What the exercise asks - Skip the pictures. Output only the lines below starting at the line with "本作高約 48 公分,長度則來到" and ending at the line with "- 🎁40th Birthday", both ends included, exactly as they are.

Dataset records

Segment Open

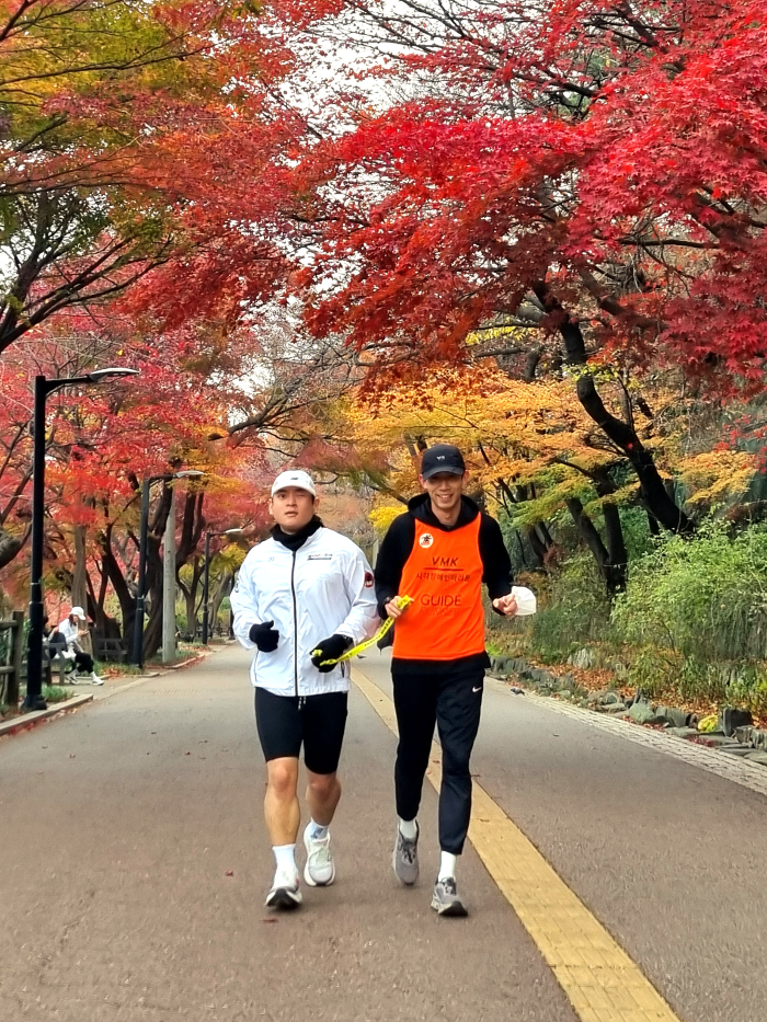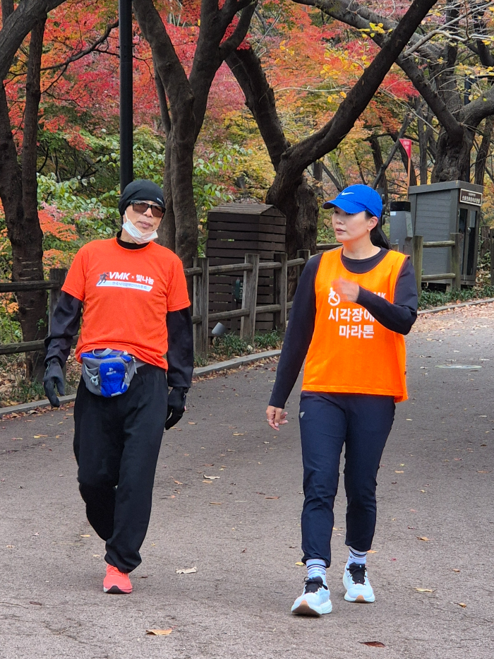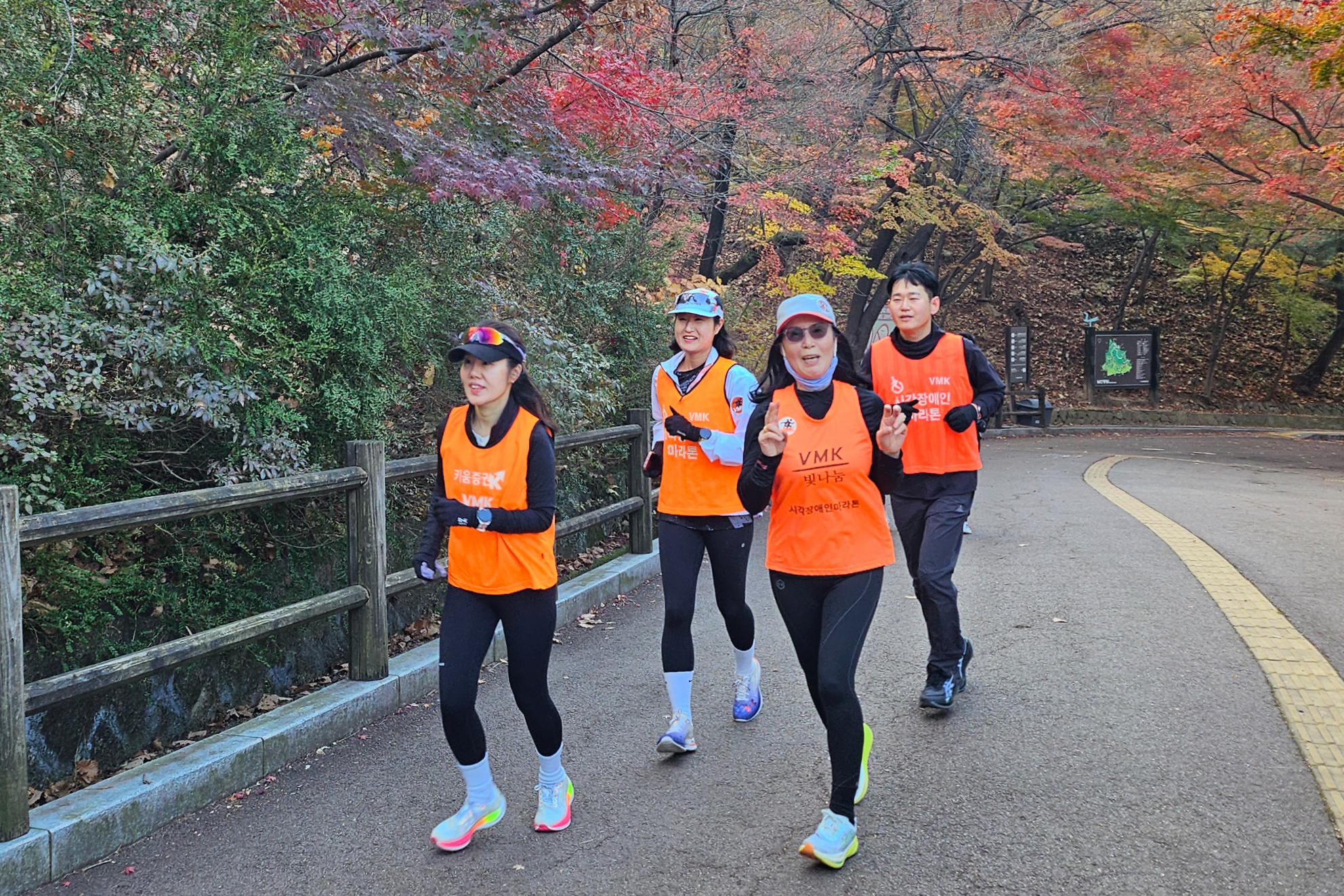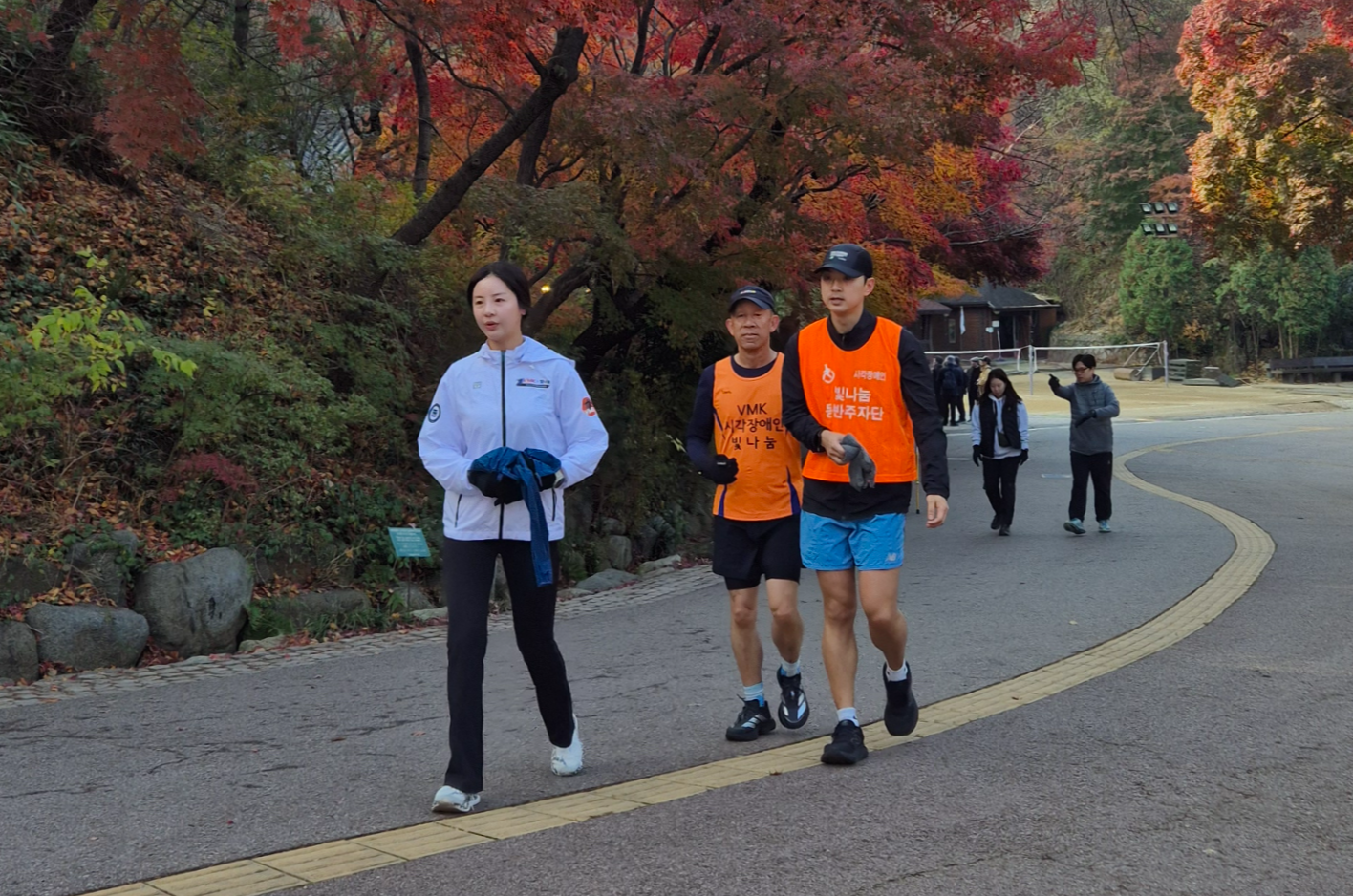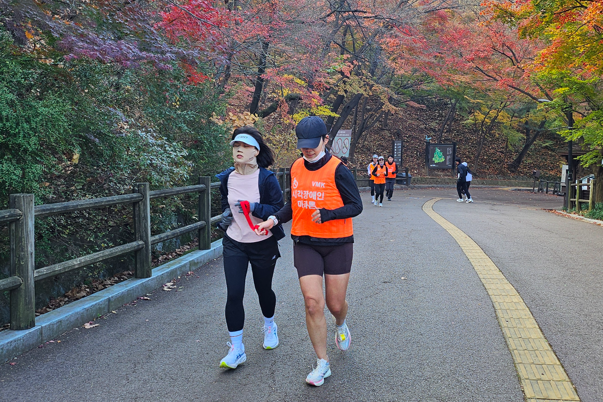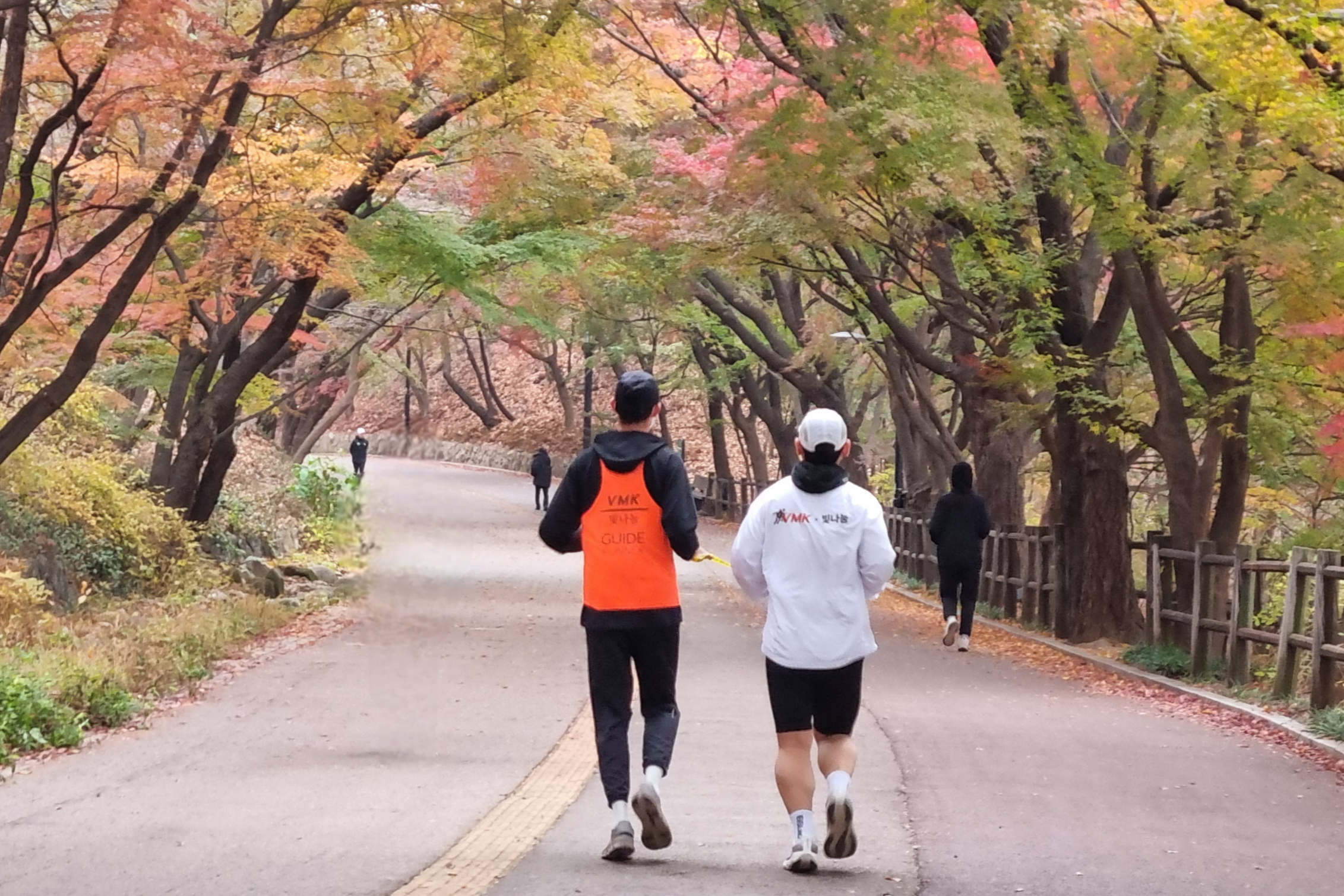 2025년 11월 22일(토) 오전 9시, 서울시 중구 남산 북측순환로에서 한국시각장애인마라톤회(VMK) 정기 훈련과 빛나눔 동반주자 신입 단원을 위한 가이드 러너 교육이 진행됐습니다.
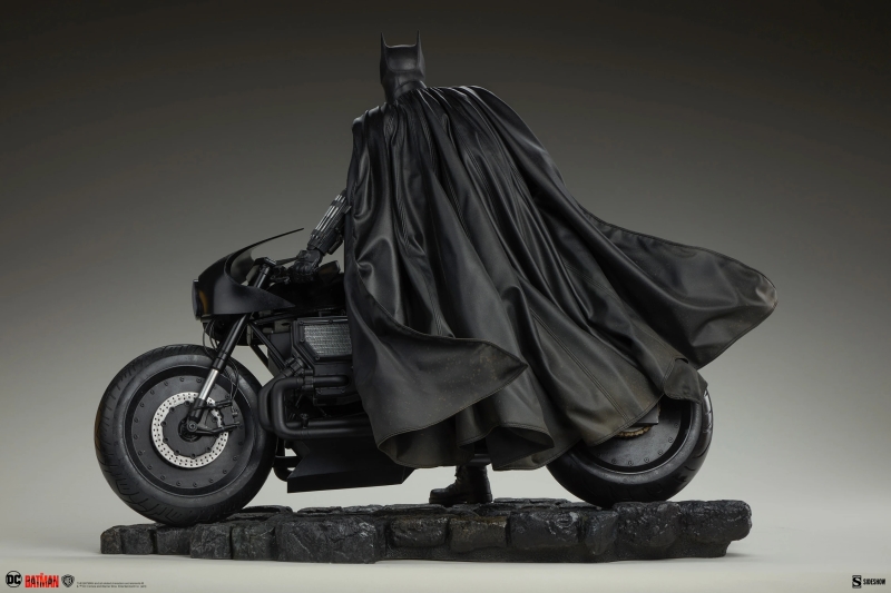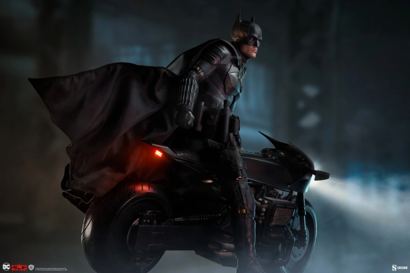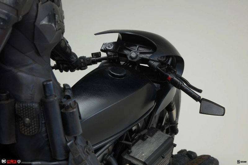 本作高約 48 公分,長度則來到 55.8 公分,展現出「蝙蝠俠」跨坐在蝙蝠機車上的帥氣姿態,不管是準備停車前往調查、或是正要上車啟程離去,這尊蝙蝠俠都能完美詮釋;本體再現了派汀森版蝙蝠俠的各處造型細節、胸口蝙蝠標誌、裝備於全身的武器,以及戴上蝙蝠面罩的面部輪廓,布料披風則在內部設置鐵線,可自由彎折出增添躍動氛圍的樣貌,蝙蝠機車也考究還原出細緻的機構、兩顆巨大的輪胎、特色的車頭......等,在車頭、車尾部分還有安裝 LED 發光功能,點亮之後更具臨場感。
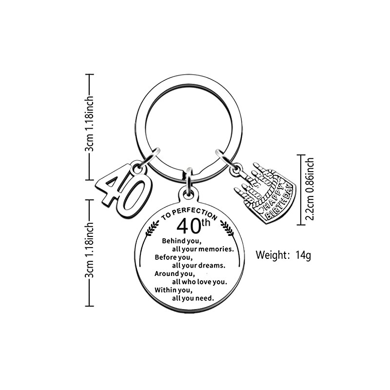 - 🎁40th Birthday keyring Material &Size: Stainless Steel, it is Nickel-free, Lead-free and Hypoallergenic. Round disc Size:1.18inches diameter
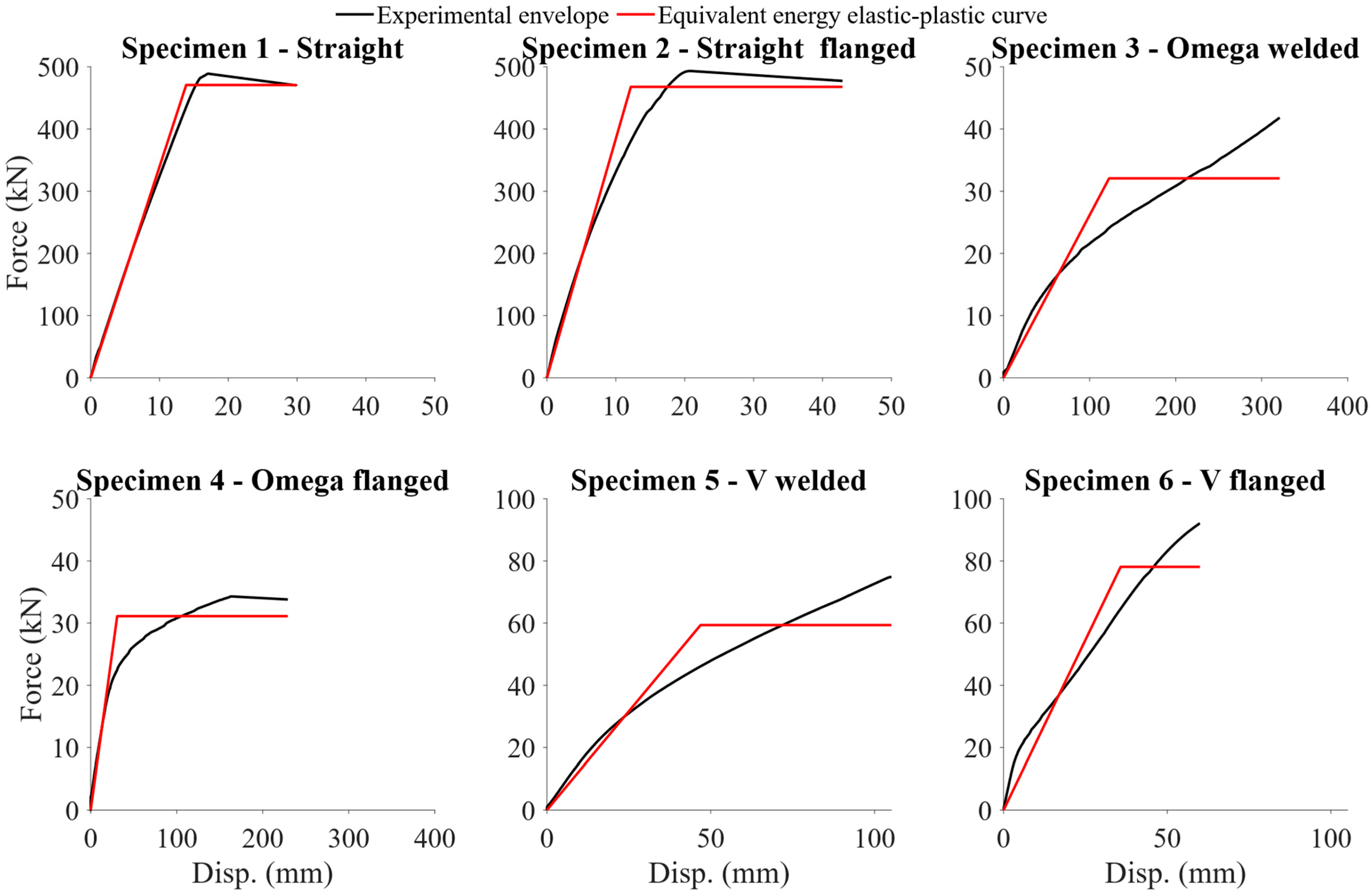 | Elastic stiffness (kN/mm) | 33.93 | 38.42 | 0.26 | 1.01 | 1.27 | 2.18 |
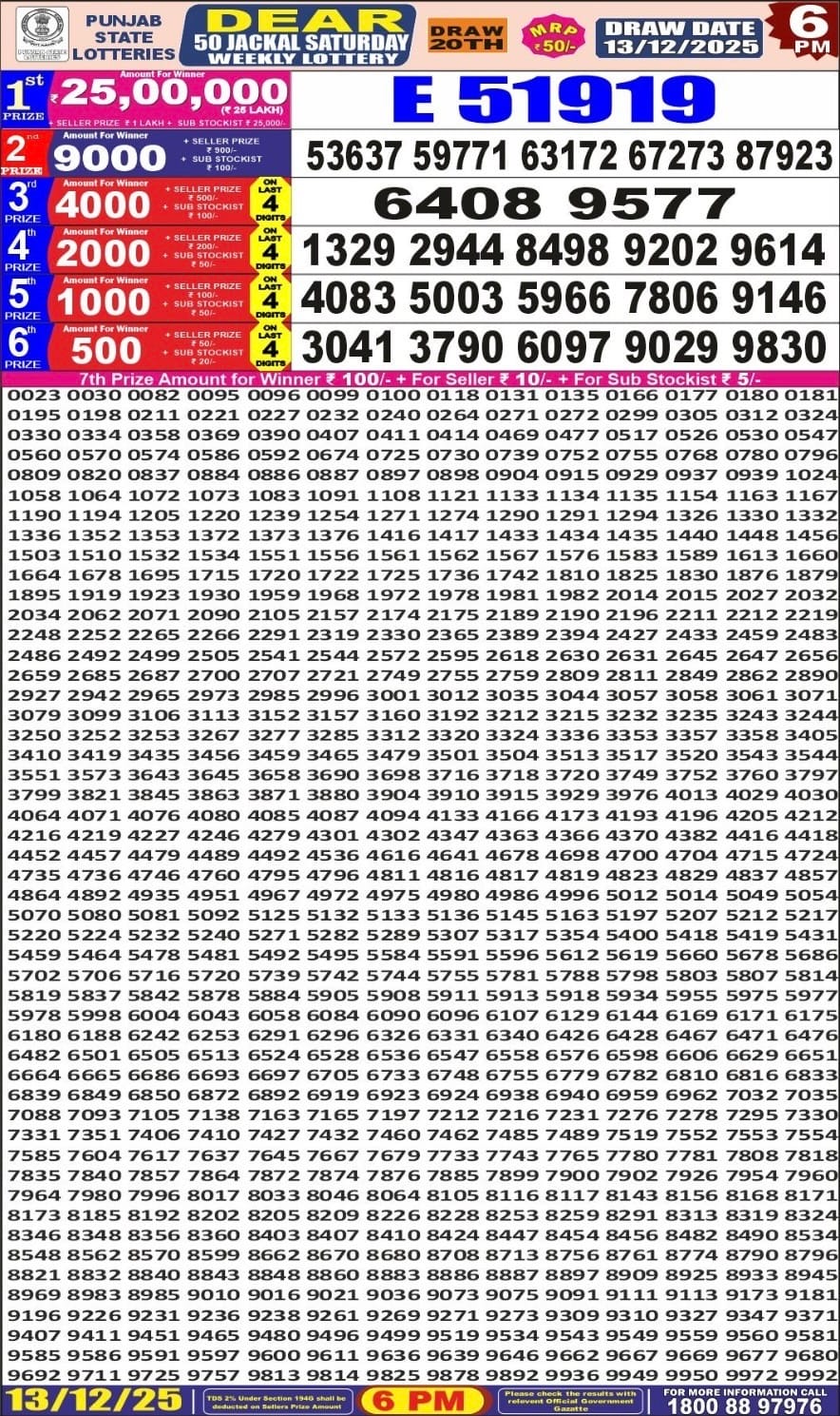 Punjab State Dear 50 Jackal Saturday 6pm Lottery Result 13.12.2025

Segment Closed

Solution to this problem -
 本作高約 48 公分,長度則來到 55.8 公分,展現出「蝙蝠俠」跨坐在蝙蝠機車上的帥氣姿態,不管是準備停車前往調查、或是正要上車啟程離去,這尊蝙蝠俠都能完美詮釋;本體再現了派汀森版蝙蝠俠的各處造型細節、胸口蝙蝠標誌、裝備於全身的武器,以及戴上蝙蝠面罩的面部輪廓,布料披風則在內部設置鐵線,可自由彎折出增添躍動氛圍的樣貌,蝙蝠機車也考究還原出細緻的機構、兩顆巨大的輪胎、特色的車頭......等,在車頭、車尾部分還有安裝 LED 發光功能,點亮之後更具臨場感。
 - 🎁40th Birthday keyring Material &Size: Stainless Steel, it is Nickel-free, Lead-free and Hypoallergenic. Round disc Size:1.18inches diameter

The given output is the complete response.